Según avanzaba la noche, el festejo medraba con soltura. Como sacados del cuerno de la abundancia delicadas comidas seguían apareciendo ante nosotros, siempre traídas por esos «niños sagrados» de tentadora belleza. En nuestras manos, los cuencos de chicha parecían no tener fondo y, liberados de vergüenzas por la borrachera, algunos marinos empezaban a juguetear con las mozas atrás dichas. Contrario a lo esperado por los pocos que nos mantuvimos fieles al mandamiento de «No fornicarás», los indios no objetaron los malos vicios de los soldados y sus adoradas muchachas. Como si no fuera ya poco, el resto de la tribu unióse al libertinaje, creándose tal bacanal que hasta el más devoto marinero terminó en las redes de la lujuria.
Solo quedámonos aislados de aquel jolgorio don Joaquín y mi persona, aún bajo orden de no separarme de mi señor. Por su lado, mi capitán encontrábase bastante decaído ante los sucesos. Únicamente parecía hallar cierta satisfacción en la bebida, pues los mancebos de los cuales habíase rodeado lo abandonaron para unirse a la orgía y en esos momentos dedicábanse a poseer, como animales, a sus hermanas o a cualquier otra hembra del poblado.
Por mi parte, soy creyente temeroso de Dios y cuesto me impidió caer en tales escenas profanas, al tiempo que sentía crecer mi admiración por la firmeza del capitán. Tras esto, comencé a sentir una pena divina por mis compañeros y mientras rezaba por sus almas, mantuve mi mente libre de impulsos herejes. Gracias a esto descubrí entonces lo que en realidad sucedía. Observando los actos inmorales de mis compañeros, noteles poseídos por vigores e ímpetus inhumanos. Yo los conocía, sabíales fieles seguidores de las doctrinas de nuestra madre Iglesia y a pesar de lo visto, no les creía capaces de sucumbir con tal facilidad en semejantes indecencias. Empecé luego a sospechar que los nativos habían usado brujerías u otras artes del demonio para provocarles la perversión.

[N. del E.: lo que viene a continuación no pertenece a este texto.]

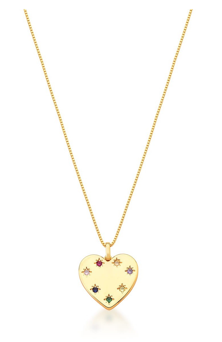 COLAR CORAÇÃO COM PONTOS DE LUZ COLORIDOS BANHADO A OURO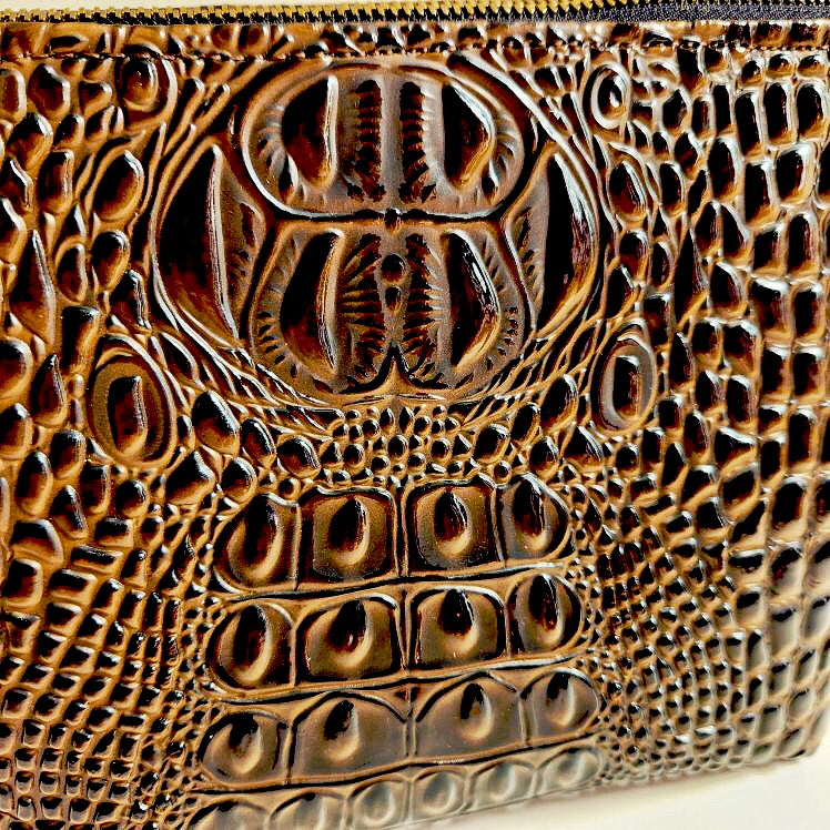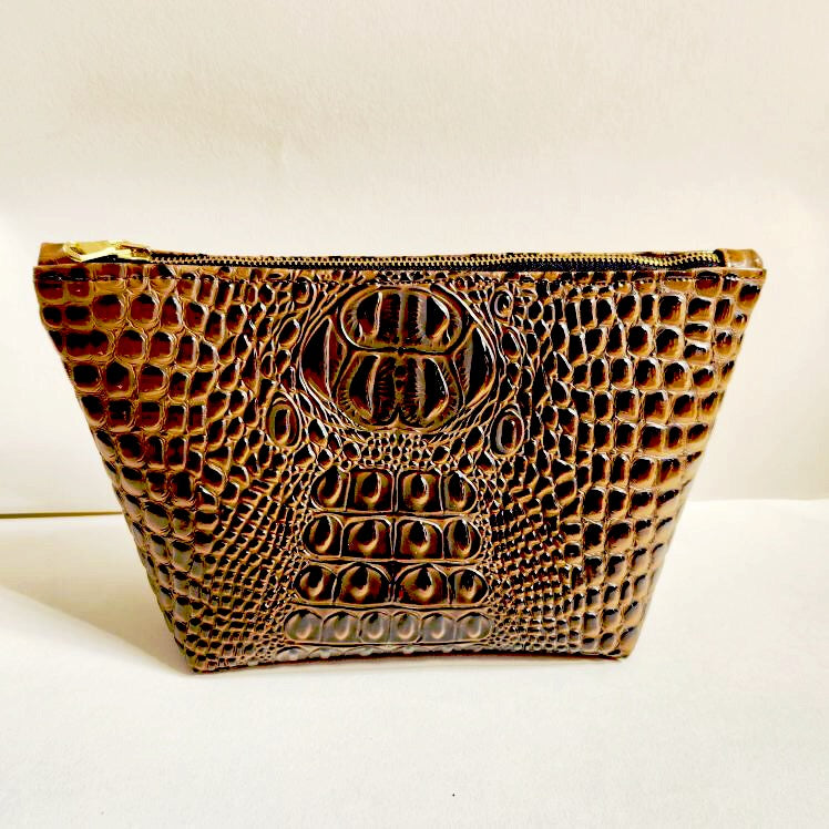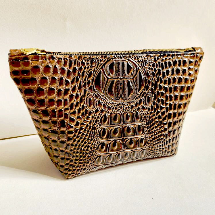 Carry your essentials in style with the Mocha Faux Croc Traveller Medium. This chic travel bag has a deep mocha color, and is luxuriously lined with silk velvet for a timeless touch. Perfect to take on the go, this luxurious bag is the perfect choice for any fashionable traveler. * Velvet Lining * Dimensions Approximately 6" H x 10.75 W x 5" D Metal Zipper closure * Made in the USA

Acabándoseme de conceder dicha revelación divina, al momento comencé a sentir malestares y mi cuerpo quiso devolver alimentos que ya suponía envenados con mejunjes infernales. Sin tan siquiera solicitar el permiso de mi señor, corrí hacia el río y, al llegar a la orilla, vomité como si grumete en primera travesía fuera. Cuando finalmente logré reponerme de mis náuseas, los vi.
No sé qué los atrajo, si la música de los nativos o si los muchos sonidos de la orgía que extendíanse por el lugar, pero allí estaban, chapoteando alegremente en las aguas nocturnas. Al principio creí que tratábase de un gran número de sirenas. Luego, cuando acercáronse más a la orilla, pude definir sus formas bajo la luz de luna.
Eran delfines, casi idénticos a los que acostumbran a surcan mares, pero cuestos de un color blanco, capaz de opacar la más pura y mejor pulida plata. Entonces presencié la más increíble de las visiones cuando dichos seres acuáticos transformáronse, ante mis asombrados ojos, en tropel de hombres y mujeres de belleza mucho más exuberante que la del cortejo del cacique.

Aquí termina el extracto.